Concernant tout d'abord la sincérité du budget, rappelons que la question se pose chaque année et qu'elle est, sans doute, inhérente à une politique d'urgence soumise à l'imprévision. La situation est la même que l'année dernière. Le budget 2020 correspond en valeur à l'exécution 2018 et nous avons appris que 178,2 millions d'euros étaient inscrits en loi de finances rectificative pour compléter le budget 2019. De nouveau donc, le projet de budget qui nous est proposé est inférieur à l'exécution de l'année précédente d'environ 80 millions d'euros.
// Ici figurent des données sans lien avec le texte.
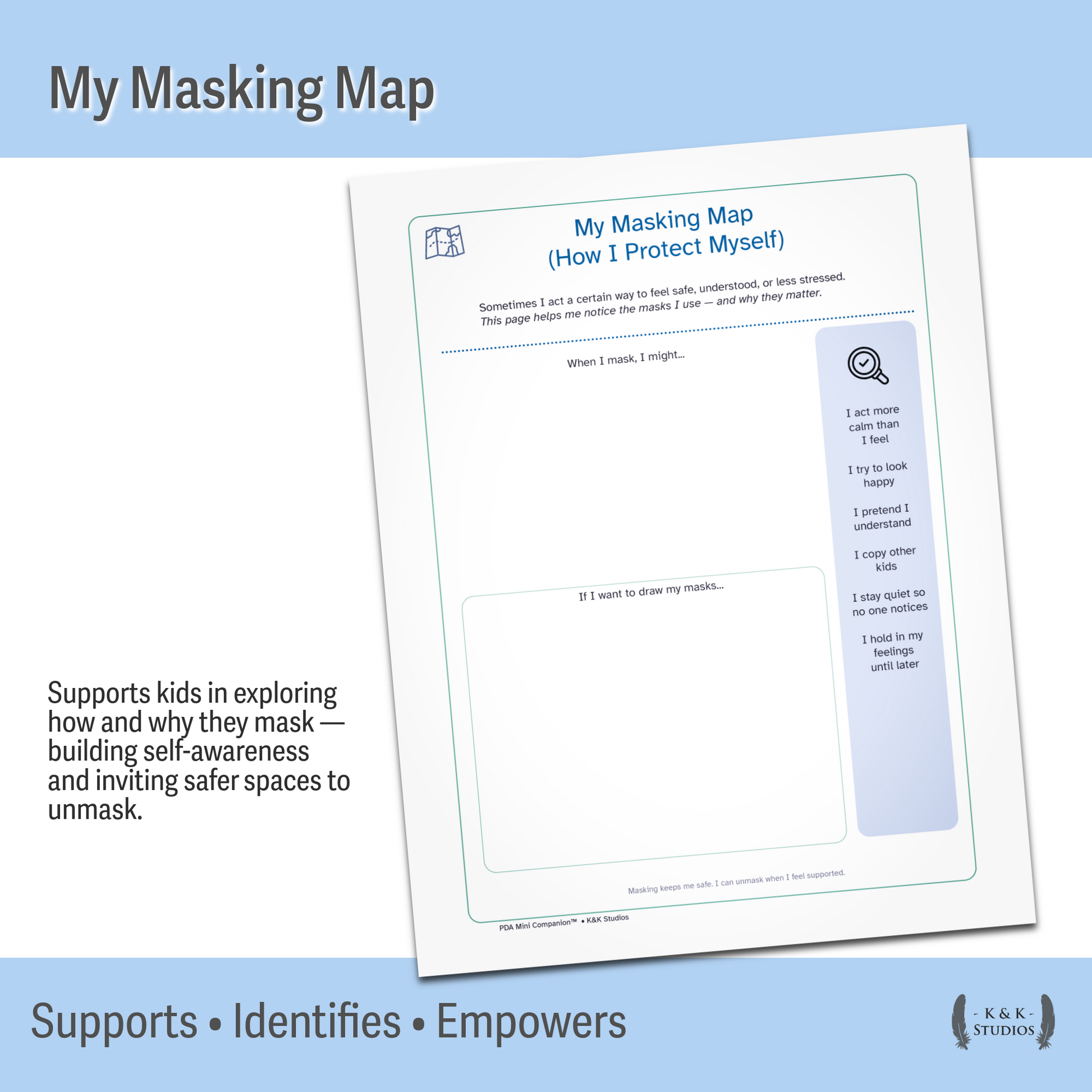 Helps kids explore how and why they mask, and what helps them feel safe enough to unmask.

Faut-il véritablement s'en offusquer ? Je ne le crois pas car le Gouvernement vient abonder les crédits en fonction des besoins. On en prend acte même s'il serait souhaitable que les dépenses supplémentaires soient mieux anticipées. Ensuite, il est entré dans une logique de rebasage progressif, année après année, en pérennisant les places créées précédemment. C'est de nouveau le cas cette année avec 6 000 places supplémentaires. Dans le contexte migratoire actuel, avec une nouvelle augmentation des demandes d'asile sur un an de 14,5 %, qui a tendance à saturer les dispositifs d'hébergement d'urgence, distinguer entre ce qui peut être prévu et l'urgence de l'année est raisonnable. Je sais que les associations voudraient que cela fonctionne dans le sens inverse mais le choix d'une dotation initiale au juste besoin est compréhensible.
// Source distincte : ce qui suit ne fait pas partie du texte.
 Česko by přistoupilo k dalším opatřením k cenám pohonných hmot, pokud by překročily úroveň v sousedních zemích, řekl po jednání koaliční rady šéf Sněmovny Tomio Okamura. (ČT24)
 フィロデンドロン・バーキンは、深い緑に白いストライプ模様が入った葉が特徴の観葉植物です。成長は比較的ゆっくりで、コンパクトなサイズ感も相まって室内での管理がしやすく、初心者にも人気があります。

Néanmoins, depuis l'étude de l'Insee et de l'INED en 2012, aucune étude statistique sérieuse n'a été réalisée sur les personnes sans-abri en France. C'est un véritable problème pour le pilotage de cette politique dont le coût va croissant. Je vous proposerai donc un amendement à ce sujet.
Seconde question : le Gouvernement a-t-il raison de privilégier la création de places par rapport à d'autres critères ?
Bien entendu, comme chacun d'entre nous, je voudrais ne pas avoir à faire ce choix. Dans l'idéal, il faudrait créer toutes les places nécessaires et, en même temps, assurer l'accompagnement social et les conditions d'accueil les plus favorables. Cet idéal est difficile à atteindre car le budget n'est pas extensible dans un contexte de forte pression sur l'hébergement d'urgence. Dès lors, le Gouvernement a fait le choix, M. Julien Denormandie nous l'a dit clairement lors de son audition, de la quantité par rapport à une certaine qualité. La politique du logement est d'abord dictée par un souci de rigueur budgétaire parallèlement aux objectifs de créations quantitatives de places et d'évolution des hébergements vers plus d'intermédiation sociale.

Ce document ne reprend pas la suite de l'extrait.